Thursday, July 30, 2009

Things that were invented in hell

  • Planks, especially of the "side" variety
  • One-legged hip extensions
  • Supersets

  • Loose sphincters on elderly dogs

Wednesday, July 29, 2009

Nephew wisdom

Normally those two words would never appear in the same sentence, let alone right next to each other. Let's face it; what can a 25 year old nephew who still lives with mommy teach his successful 38 year old aunt?

That's not to say I'm not proud of my oldest nephew. I grow more sure of his future every day, though it scare the bejeesus out of me that he's getting himself geared up to go to Army basic training in September. It's pretty much all done but the part where he actually shows up. I don't know if he's quit smoking yet, but he was growing quite the fuel tank for his sex machine last time I saw him, in May. Last time I talked to him, he said he's lost 30lbs.

I've seen the following expression millions of times, and normally it's too testosterone-laden, too... HOO-rah!!! for me. However, I've been getting myself back into a daily exercise frame of mind - and believe me, getting the frame of mind in place is much more difficult than the actual exercise. So this little gem in his Facebook status update was perfectly timed for me:

Pain is weakness leaving the body.

After 2 days of getting the job done, as it were, first thing in the morning, I am definitely feeling the weakness leave my body.
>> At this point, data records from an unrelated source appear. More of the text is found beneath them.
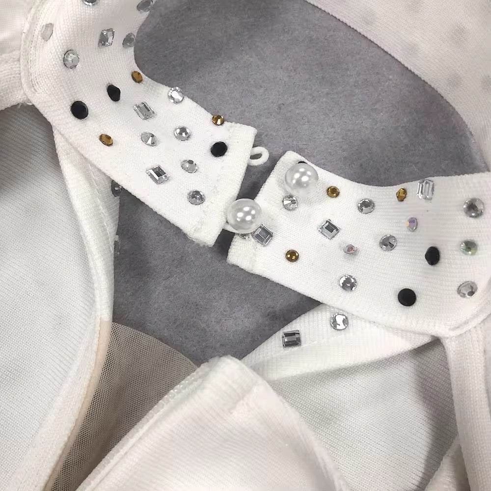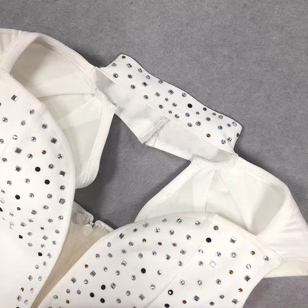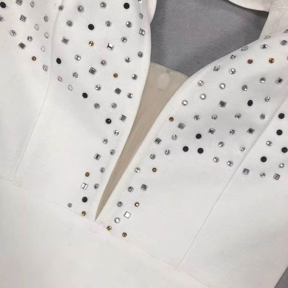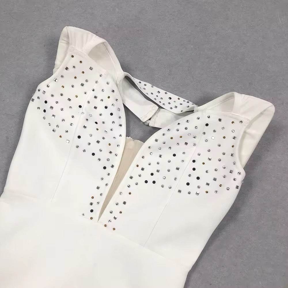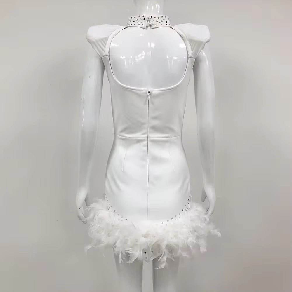V-neck Sleeveless Feather Diamond Tight Mini Bandage Dress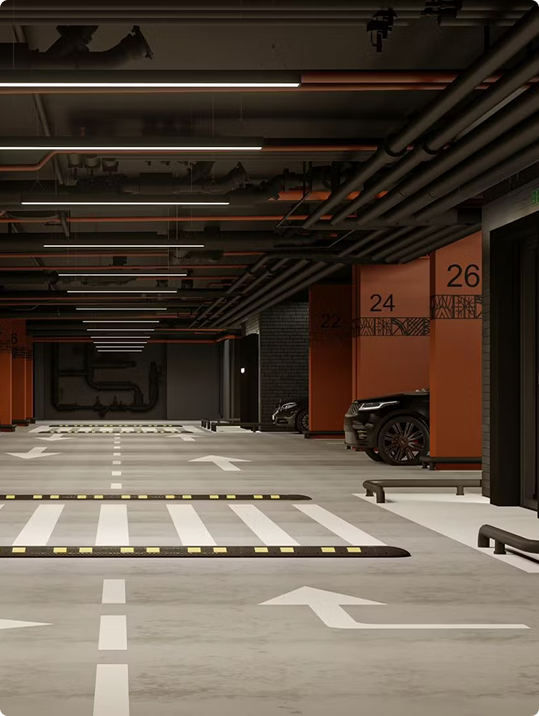 Водночас це не просто паркінг, а укриття, збудоване згідно з вимогами державних будівельних норм України (ДБН), що регламентують облаштування захисних споруд. Такий підхід створює додаткове відчуття безпеки та впевненості – укриття завжди поруч і доступне за лічені хвилини.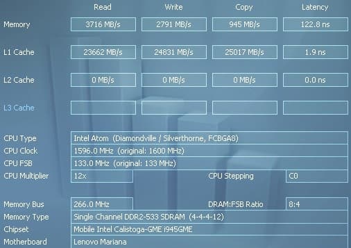 Для сравнения, мы взяли результаты Eee PC. Как видим, производительность процессора такая же (хотя Lenovo везде чуть-чуть быстрее, проиграл только в графике).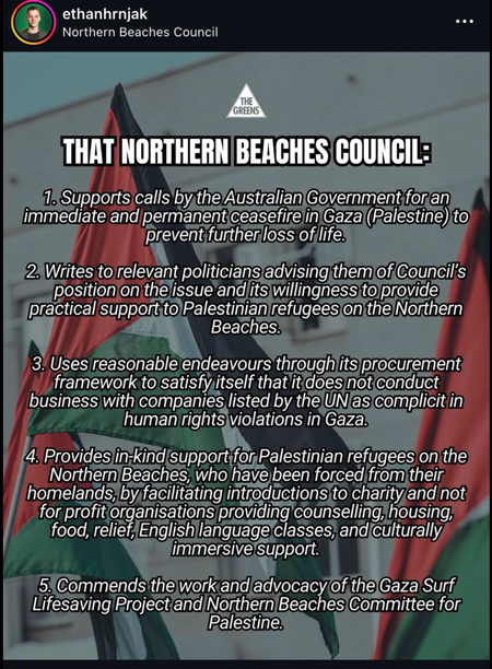 This motion calls for Council to take a formal position on the Israel–Gaza conflict, including a demand for a permanent ceasefire, a boycott of Israeli-linked companies, targeted support for Palestinian refugees on the Northern Beaches, and even an official commendation of activist groups aligned with the anti-Israel movement. This, in a chamber tasked with fixing footpaths, managing waste collection, and approving development applications.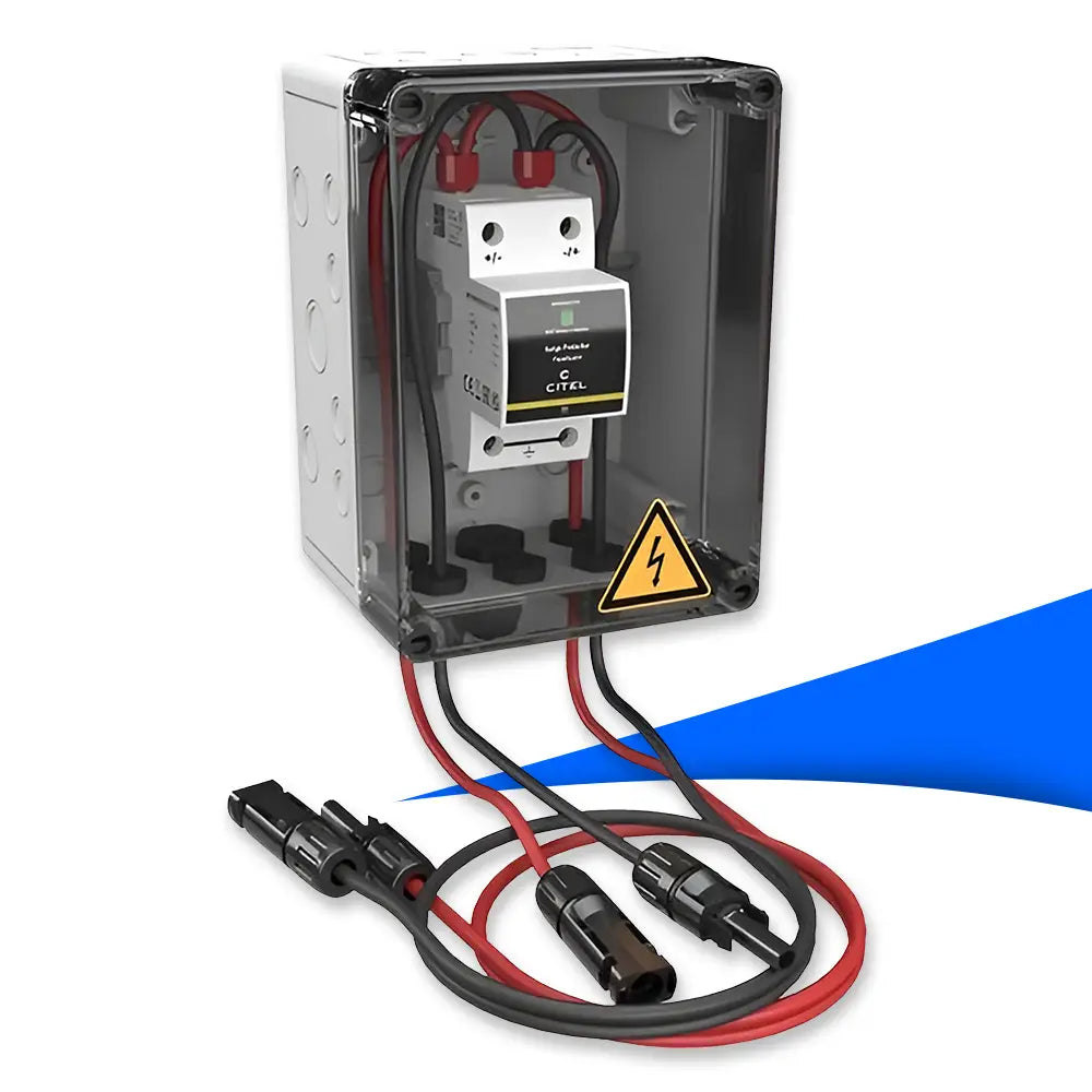 Der Citel CiPlug1-DP6-1-XS ist die perfekte Wahl für PV-Installationen, die einen zuverlässigen Überspannungsschutz benötigen. Mit MC4-Steckern für eine einfache Plug-and-Play-Installation und einem robusten, wetterfesten Gehäuse ist dieser Generatoranschlusskasten eine langlebige Lösung für Solaranlagen.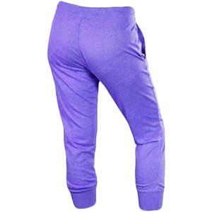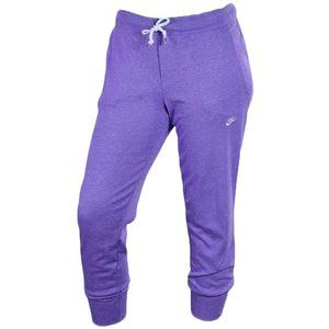 Keep comfy in Nike's ultra cute capri sweatpants! Easy style while you're on the move or lounging at home. Mid rise: approx. 9 inches. Slim fit through hips and thighs. Cropped below knee; banded hem. Pull-on style; self-tie drawstring at waist. Off-seam pockets at hips. Embroidered logo at left thigh.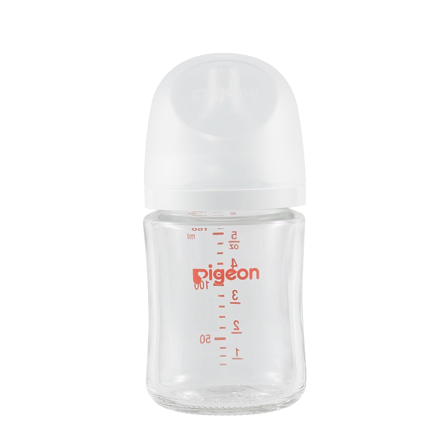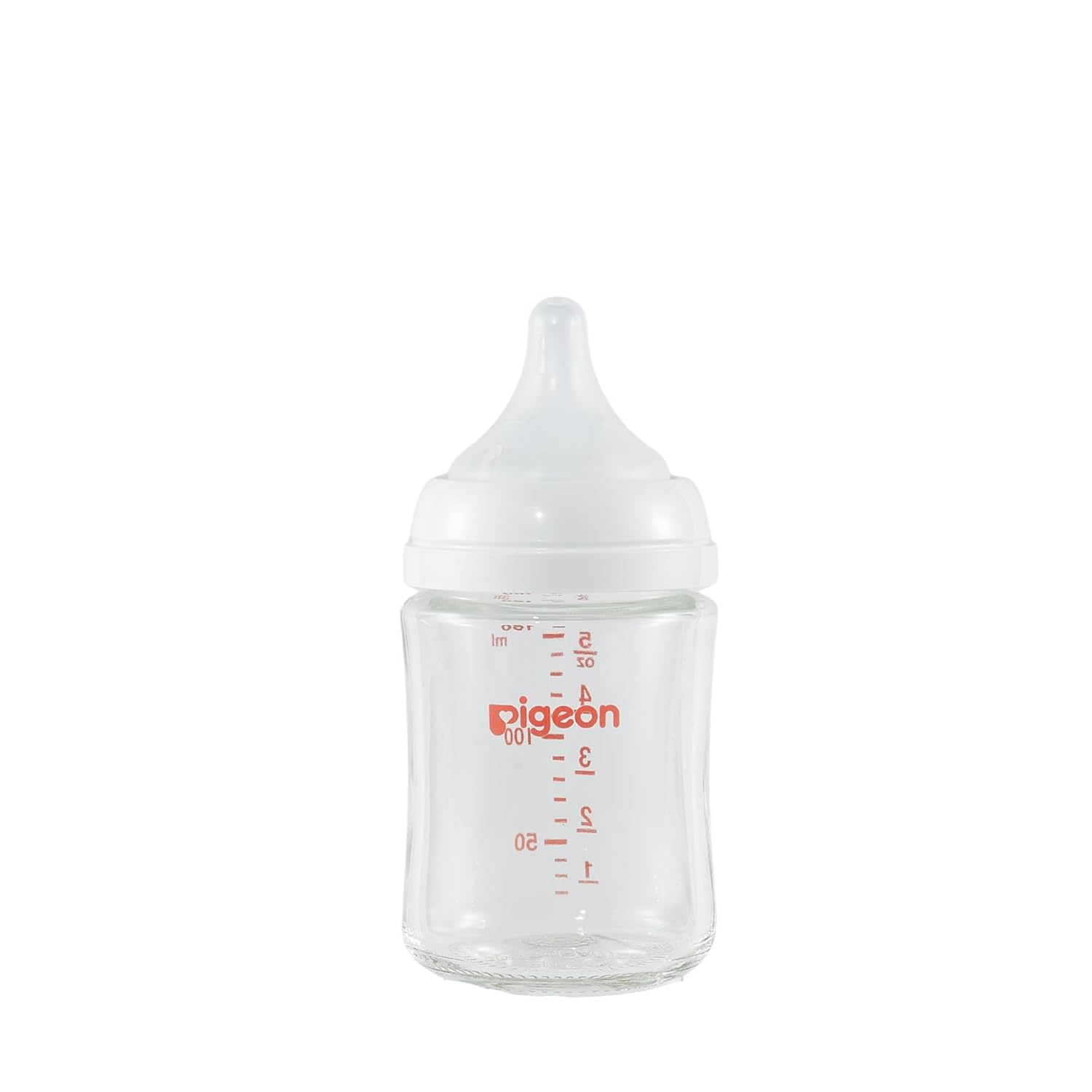Pigeon Glass Nursing Bottle Wide Neck, Nurture & Nest, Anti-Colic, Streamlined Body, Natural Feel, Easy to Clean, Heat-Resistant, 5.4 Oz (Pack of 3), Includes 3pcs Stage 1 Nipples (0m+)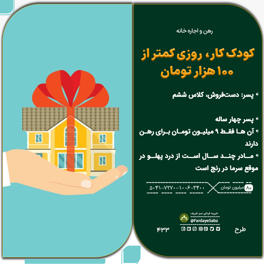 با تامین رهن خانه، امید را مهمان خانه مادر و دو کودکش کنیم.

Every time I climb steps, or rise from a chair, or bend down, I feel those squats and lunges from yesterday, and my quads are reminding me that I re-started a running program today. When I reframe those aches in my mind as weakness leaving my body, I actually grow to enjoy them. It's like my muscles are saying, "Hey, welcome back!"


Hoo-rah, Master Chief.


Thursday, July 23, 2009

Something is about to happen

If you look at the clothes I'm wearing (same size as last summer), or the number on the scale (same number +/- 5lbs as last year), it looks like nothing is changing, despite 1 1/2 years in a therapist's chair, purchase of a very nice treadmill, pending purchase of a very nice bike, and completion of Couch to 5K.

Outwardly, where one can see, nothing is changing. Inwardly, I'm preparing. Ironically, if I'd just do less planning inwardly and just do something, some sort of change would probably be apparent right now. However, that's just not how I'm wired.

Things are changing. Up here. *taps head*
I'm realizing that what I am afraid of is being able to sustain a commitment to lifestyle change, with proper portion control and exercise every day. For right now, I'd rather sit here and blog and stress over it, and over-analyze it than to "just DO _______ ", whatever " _________" might be. But, be warned, it's coming. It's on its way. Right around the corner. Really!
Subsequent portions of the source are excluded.